OF FINANCIAL CONDITION

AND RESULTS OF OPERATIONS

 

This Quarterly Report on Form 10-Q, includes forward-looking statements within the meaning of Section 27A of the Securities Act of 1933, as amended (the Securities Act) and Section 21E of the Securities Exchange Act of 1934, as amended (the Exchange Act), which are subject to the “safe harbor” created by those sections. Any statements herein that are not statements of historical fact may be deemed to be forward-looking statements. For example, words such as “may,” “will,” “could,” “would,” “should,” “anticipate,” “expect,” “intend,” “believe,” “estimate,” “project” or “continue,” and the negatives of such terms are intended to identify forward-looking statements. The information included herein represents our estimates and assumptions as of the date of this filing.
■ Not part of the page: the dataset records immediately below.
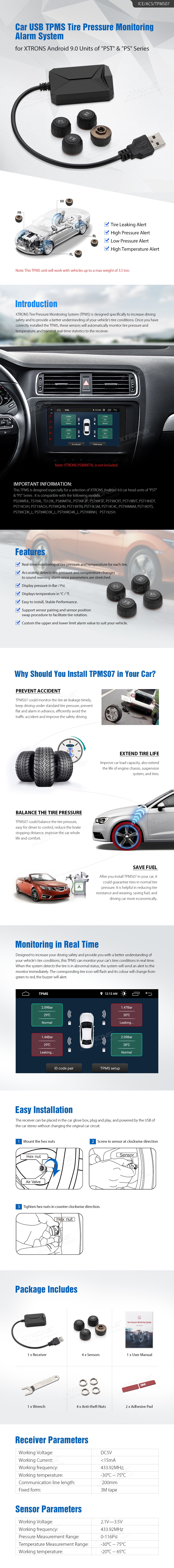 IMPORTANT INFORMATION: This TPMS is designed specially for a selection of XTRONS Android 9.0 car head units of “PST” & “PS” series. It is compatible with the following models: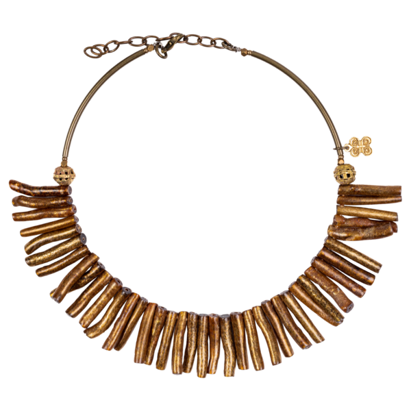 Precioso collar de coral teñido de oro viejo y nuestro característico engarce y prismas de bronce hecho a la cera perdida a mano.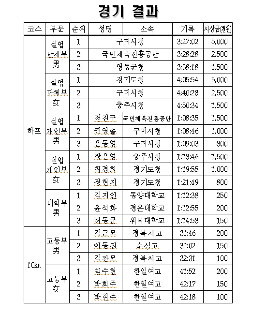 한편, 대회결과 하프 단체전 남자부에서 구미시청팀, 여자부 경기도청팀이 우승을 차지했으며, 하프 개인전에서는 실업남자부 국민체육진흥공단 전진구 선수, 실업여자부 충주시청 장은영 선수, 대학남자부 동양대학교 김지인 선수 등이 대회 우승의 영광을 안았으며, 구미시청의 권순영 감독과 경기도청의 이흥식 감독이 지도자상을 수상했다.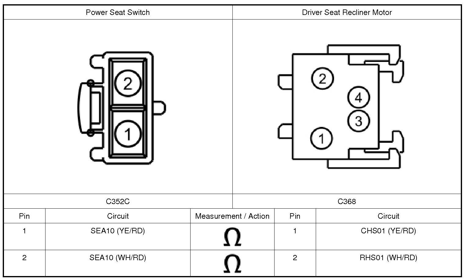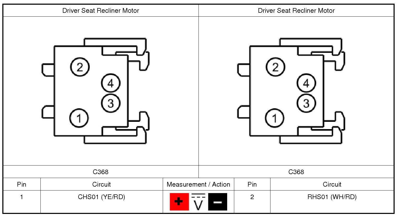 1. Disconnect: Driver Seat Recliner Motor C368.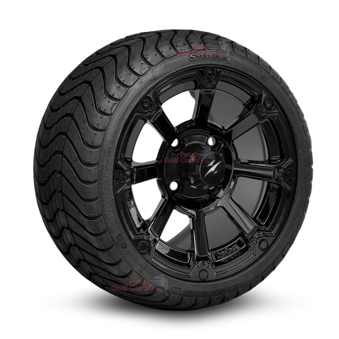 12″ Cyclops Gloss Black Golf Cart Wheels and 18″ Tall Street/Turf Golf Cart Tires Combo – Set of 4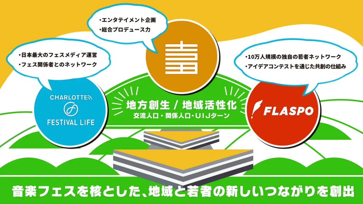 少子高齢化が進み、特に地方では人口減少が著しい状況にあります。この問題を解決するため、「Festival Life」と「FLASPO」、「吉田正樹事務所」の三者が手を組みます。それぞれが持つ強みを結集し、各地域の若者や企業と連携しながら、魅力的な音楽フェスを企画・開催することで、関係人口の創出を促進します。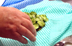 キュウリは薄く輪切りにし、塩少々をふる。しばらく置いてしんなりしたら味をみて、塩辛いときは水でさっと洗う |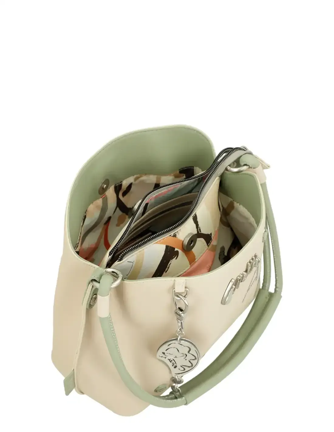 - Color beige amb detalls verds fàcils de combinar. Versatilitat perquè combinis la teva bossa amb qualsevol look i vagis sempre perfecta.

Unless required by law, we undertake no obligation to update publicly any forward-looking statements, or to update the reasons actual results could differ materially from those anticipated in these forward-looking statements, even if new information becomes available in the future.

 

The following discussion should be read in conjunction with the attached unaudited condensed financial statements, and with the Company’s audited financial statements and discussion for the fiscal year ended April 30, 2018.

 

Executive Summary

 

The Company’s performance has improved through the three quarters, with increased sales, managing cost of sales numbers, and strong investment returns. This is due to the continuation of our quality USA made products with the ability for customization, our notable customer service, and the purchase of the assets of Labor Saving Devices, Inc. New challenges the Company has endured over the nine months of this fiscal year include continuing to get product out to customers in a timelier manner and to fill the stockroom with inventory to get back to shipping out core products the same day. Also, the price of raw materials has increased with the execution of tariffs by the US government and other factors. But management continues to work at keeping operations flowing as efficient as possible with the hopes of getting the facilities running leaner and more profitable than ever before.

 

Results of Operations

 

  Net sales were $3,455,000 for the quarter ended January 31, 2019, which is a 5.98% increase from the corresponding quarter last year. Year-to-date net sales were $10,551,000 at January 31, 2019, which is a 22.73% increase from the same period last year. A significant part of growth in sales is a direct result of the asset purchase of Labor Saving Devices and having a new product line to sell as a result of the purchase. Also, our ongoing commitment to outstanding customer service and customization of products are a few of the many reasons sales remained steady over the years.
  Cost of goods sold was 51.29% of net sales for the quarter ended January 31, 2019 and was 56.01% for the same quarter last year. Year-to-date cost of goods sold percentages were 51.81% for the current nine months and 50.45% for the corresponding nine months last year, which is just slightly over the target of less than 50% for both the quarter and year-to-date results. Management has seen increases in labor and materials costs but has decided not to increase the selling prices of our products at this time.
  Operating expenses decreased by $1,000 for the quarter while they increased by $306,000 for the nine-months ended January 31, 2019 as compared to the corresponding periods last year. These increased costs are primarily due to increased commissions, amortization on the purchase of the assets of Labor Saving Devices and additional labor costs for employees that have been hired.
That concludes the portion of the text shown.